Any help or suggestion is appreciated.


Solution

  • Here is a different approach. It creates the groups of ids first, then assigns them the date based on the requirements.

    First, a class to represent the groups (avoid them tuples):

    public class RecipientGroup
    {       
        public RecipientGroup(DateTime scheduledDateTime, IEnumerable<int> recipients)
        {
            ScheduledDateTime= scheduledDateTime;
            Recipients = recipients;
        }
    
        public DateTime ScheduledDateTime { get; private set; }
        public IEnumerable<int> Recipients { get; private set; }
    
        public override string ToString()
        {
            return string.Format($"Date: {ScheduledDateTime.ToShortDateString()} {ScheduledDateTime.ToLongTimeString()}, count: {Recipients.Count()}");
        }
    }
    

    Then a class to iterate through the groups.

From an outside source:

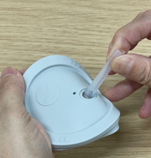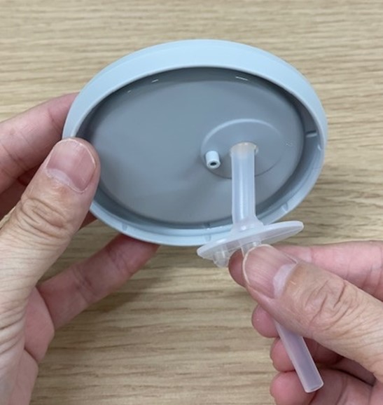 太い先端をフタの裏側から差し込んでください。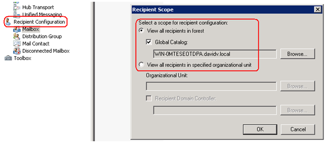 3. By default exchange will only show the existing users in the current (parent) domain. If you would like to configure recipients from existing users in another domain, for example the child domain, you will need to open Exchange Management Console > Right Click on “recipient configuration” > modify recipient scope. From here you can either choose users across the whole domain (view recipients in forest) or limit it to a particular domain / child domain

You will see why this is needed later:

    public class GroupIterator
    {        
        public GroupIterator(DateTime scheduledDateTime)
        {
            ScheduledDateTime = scheduledDateTime;
        }
    
        public DateTime ScheduledDateTime { get; set; }
        public int Count { get; set; }
    }
    

    Now, the code:

    DateTime DeliveryStart = new DateTime(2018, 10, 17);
            
    //List of Recipients (fake populate function)
    IEnumerable<int> allRecipients = PopulateRecipients();            
    
    // Scheduling restrictions 
    int maxPerMinute = 90;
    int maxPerHour = 270;
    
    //Creates groups broken down by the max per minute.  
    var groupsPerMinute = allRecipients
            .Select((s, i) => new { Value = s, Index = i })
            .GroupBy(x => x.Index / maxPerMinute)
            .Select(group => group.Select(x => x.Value).ToArray());
    
    //This will be the resulting groups
    var deliveryDateGroups = new List<RecipientGroup>();
    
    //Perform an aggregate run on the groups using the iterator
    groupsPerMinute.Aggregate(new GroupIterator(DeliveryStart), (iterator, ids) => 
    {
        var nextBreak = iterator.Count + ids.Count();
        if (nextBreak >= maxPerHour)
        {
            //Will go over limit, split
            var difference = nextBreak-maxPerHour;
            var groupSize = ids.Count() - difference;
            //This group completes the batch
            var group = new RecipientGroup(iterator.ScheduledDateTime, ids.Take(groupSize));
            deliveryDateGroups.Add(group);
            var newDate = iterator.ScheduledDateTime.AddHours(1).AddMinutes(-iterator.ScheduledDateTime.Minute);
            //Add new group with remaining recipients.
            var stragglers = new RecipientGroup(newDate, ids.Skip(groupSize));
            deliveryDateGroups.Add(stragglers);
            return new GroupIterator(newDate, difference);
        }                    
        else
        {
            var group = new RecipientGroup(iterator.ScheduledDateTime, ids);
            deliveryDateGroups.Add(group);
            iterator.ScheduledDateTime = iterator.ScheduledDateTime.AddMinutes(1);
            iterator.Count += ids.Count();
            return iterator;
        }                      
    });
    
    //Output minute group count
    Console.WriteLine($"Group count: {deliveryDateGroups.Count}");
    
    //Groups by hour
    var byHour = deliveryDateGroups.GroupBy(g => new DateTime(g.ScheduledDateTime.Year, g.ScheduledDateTime.Month, g.ScheduledDateTime.Day, g.ScheduledDateTime.Hour, 0, 0));
    
    Console.WriteLine($"Hour Group count: {byHour.Count()}");
    foreach (var group in byHour)
    {
         Console.WriteLine($"Date: {group.Key.ToShortDateString()} {group.Key.ToShortTimeString()}; Count: {group.Count()}; Recipients: {group.Sum(g => g.Recipients.Count())}");
    }
    

    Output:

    Group count: 5556

    Hour Group count: 1852

    Date: 10/17/2018 12:00 AM; Count: 3; Recipients: 270

    Date: 10/17/2018 1:00 AM; Count: 3; Recipients: 270

    Date: 10/17/2018 2:00 AM; Count: 3; Recipients: 270

    Date: 10/17/2018 3:00 AM; Count: 3; Recipients: 270

    Date: 10/17/2018 4:00 AM; Count: 3; Recipients: 270

    Date: 10/17/2018 5:00 AM; Count: 3; Recipients: 270

    ... and so on for all 1852 groups.

    This takes about 3 seconds to complete.

    I am sure there are edge cases. I wrote this in a hurry so just think about those.